Морской волк. Бог его отцов - Джек Лондон 32 стр.


- Должен сказать, господа, что кровь у меня, как и у всех сивашей, красная, но зато сердце белое. Первым я обязан недостаткам моих предков, вторым - достоинствам моих друзей и товарищей. Еще будучи мальчиком, я узнал великую правду - я узнал, что наша земля отдана вам и что сивашам нечего думать о соперничестве с вами. Олени и медведи обречены на вымирание - та же участь ждет и нас. Узнав и поняв это, я вошел в ваши хижины и приблизился к вашим кострам и, как видите, вполне уподобился вам. На своем веку я видел очень многое, узнал многие странные вещи и, скитаясь по нашей стране, встречался и сталкивался с самыми различными людьми. Я смотрю на все точно так, как и вы. Я знаю людей и сужу о них опять же на ваш манер. Вот почему я думаю, что вы не истолкуете в плохую сторону, если я расскажу кое-что плохое про одного из ваших. И я полагаю, что, если я отзовусь с похвалой о ком-нибудь из нашего племени, вы не скажете: "Чарли Ситка - сиваш; глаза его лживы, а речи его недостоверны". Не так ли?

Все в один голос выразили Чарли свое согласие.

- Ну вот. Женщину звали Пассук. Я купил ее у племени, которое живет на взморье. Мое сердце не рвалось к ней, и мои взгляды не искали ее взглядов. Ее глаза всегда были потуплены; она была робка и боязлива, как вообще все девушки, попавшие в неволю к людям, о которых раньше не имели представления. Итак, говорю, я не думал ухаживать за ней. К тому же я в то время задумал большой переход. Мне требовался человек, который помог бы мне кормить и гнать собак и грести. Выбор мой пал на Пассук.

Я, кажется, еще не говорил вам, что находился на службе у правительства. Взяли меня на военное судно вместе с нартами, с собаками, с запасами провизии и вместе с Пассук. Пошли мы на север и добрались до самых льдов Берингова моря, где и сошли: я, Пассук и собаки. Мне дали деньги, карту земель, которых еще никто из нас до сих пор не видел, и тюк. Этот тюк был хорошо упакован и защищен от влияния погоды; я должен был доставить его на китобойное судно, которое было затерто льдами у берегов великой реки Маккензи.
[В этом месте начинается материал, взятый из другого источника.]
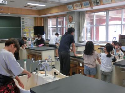 保護者、子どもたち、教員が参加し、敷地内の草刈り、校舎内の手洗い場みがきをしました。

Да, велика Маккензи, но все же нет реки больше нашего Юкона, - Юкона, отца всех рек.

Однако все это не важно. Рассказ мой не имеет никакого отношения ни к китобойному судну, ни к зиме, проведенной мною среди льдов Маккензи. Весной, к тому времени, когда дни стали длиннее, а снег кое-где почернел, мы отправились на юг, к Юкону. Тяжело было идти. При помощи багров и весел мы шли вверх по течению до самой Сороковой Мили. Зима стояла очень суровая, и нас всех достаточно измучил мрак и холод, всего же больше - голод. На каждого человека Компания выдавала только сорок фунтов муки и двадцать фунтов солонины, бобов совсем не было. Собаки днем и ночью выли от голода; люди совсем отощали, а лица их пожелтели и сморщились. Сильные слабели, а слабые умирали. Немало было и цинготных среди нас.

Как-то ночью мы все сошлись у компанейских складов; пустые полки еще сильнее дали нам почувствовать пустоту наших желудков. Мы сидели и тихо разговаривали при свете очага, так как свечи хранили для тех, кому суждено будет прожить до весны.

Беседовали мы до тех пор, пока не решили отправить кого-нибудь из нас в Соленые Воды, - пусть, мол, узнают о наших страданиях. Тут взгляды всех встретились на мне; все знали, что я опытный человек. Я им сказал:

- До Миссии семьсот миль. Эту дорогу и всю остальную мне придется пройти на лыжах, так что дайте мне лучших собак и много пищи. Я пойду, а со мной вместе пойдет Пассук.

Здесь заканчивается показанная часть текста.